On March 22, 2021, Judge Christina Ward issued a Memorandum and Order of Court, which may throw a lifeline to businesses that are struggling to recover from the losses caused by Governor Wolf’s COVID-19 shutdown orders. 

In this case, Timothy A Ungarean, DMD d/b/a Smile Savers  Dentistry, PC,  et al.  v. CNA and Valley Forge Insurance Co., GD20-006544, a dentist, who owned and operated a dental practice, filed a declaratory judgment action on behalf of himself and similarly situated individuals, seeking a determination with respect to whether he was entitled to coverage under his business insurance policy for the losses sustained during the shutdowns resulting from COVID-19 and Governor Wolf’s Closure Orders. As was to be expected, the insurance companies/defendants vehemently opposed the lawsuit, filing a motion for summary judgment, contending that the policy did not provide coverage for losses resulting from the COVID-19 shutdowns.

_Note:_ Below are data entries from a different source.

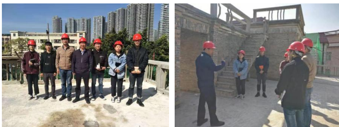
图 67-68 现代学徒制试点班跟岗实习现场教学规范有序进行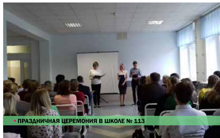
• ПРАЗДНИЧНАЯ ЦЕРЕМОНИЯ В ШКОЛЕ № 113

ли молодых учителей, только вставших на учительскую стезю сразу после окончания вуза. В празднике приняли участие и студенты университета имени Герцена, проходящие в эти дни практику в школе – их веселое представление в духе студенческого «капустника» стало одним из «гвоздей» концертной программы. Приятным сюрпризом стало видеопоздравление, которое подготовили для своих учителей дети.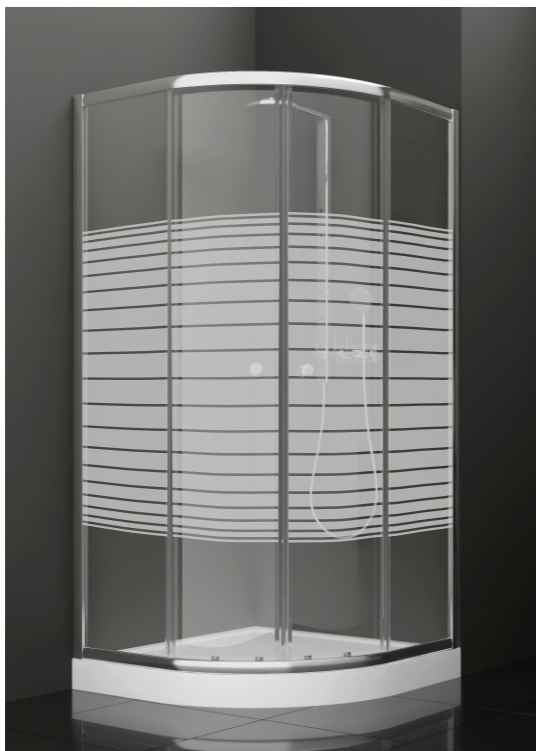
BAN - 1020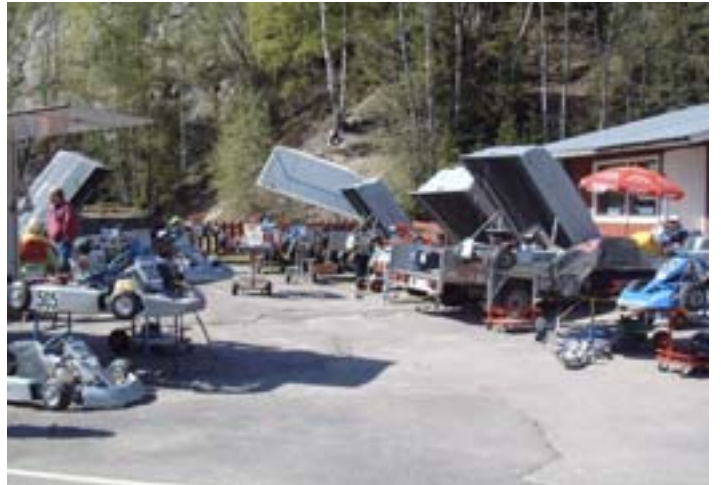
Varikkoalue erältä Kartingleiriltä 2000 luvun alusta.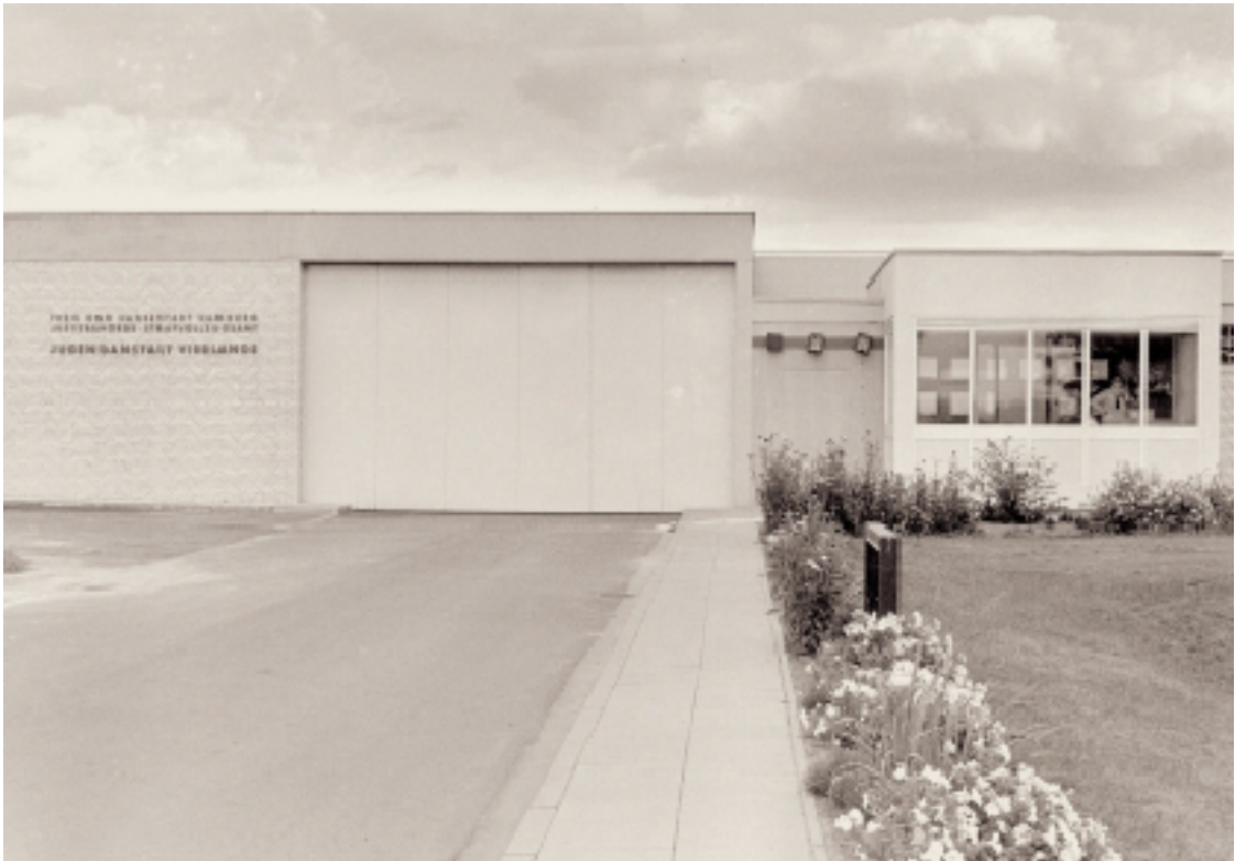
The gate to Vierlande Juvenile Detention Centre in the 1970s.

Defense #1: No Direct Physical Loss of or Damage to Property

As part of their defense/argument, the insurers first argued that the policy did not provide coverage because the Business Income and Extra Expense provisions in the policy required a direct physical loss of or damage to the insured’s property in order to assert a claim or recover.

Court’s Finding

The Court, however, after an in-depth, extensive and painstaking analysis of the contractual language, rejected this defense, finding that the policy’s use of the disjunctive “or” between the terms “physical loss of” and  “damage to property” in the policy definition means that drafters intended for the terms to be considered differently.  More importantly, the Court further found that although the common definition of “damage” included a requirement of physical injury (i.e., by defining damage as a “loss or harm resulting from an injury to person or property”) that the common definition of “loss,” which included “the act of losing possession and/or deprivation…” contained no such requirement. The Court therefore found that based on this definition that it was reasonable to conclude that term “loss” “[r]easonably encompasses the act of losing possession [and/or]the deprivation, which includes the loss of use of property absent any harm to property.”  As a result, the Court concluded that Plaintiff had established a right to coverage under the Business Income and Extra Expense provisions in the policy.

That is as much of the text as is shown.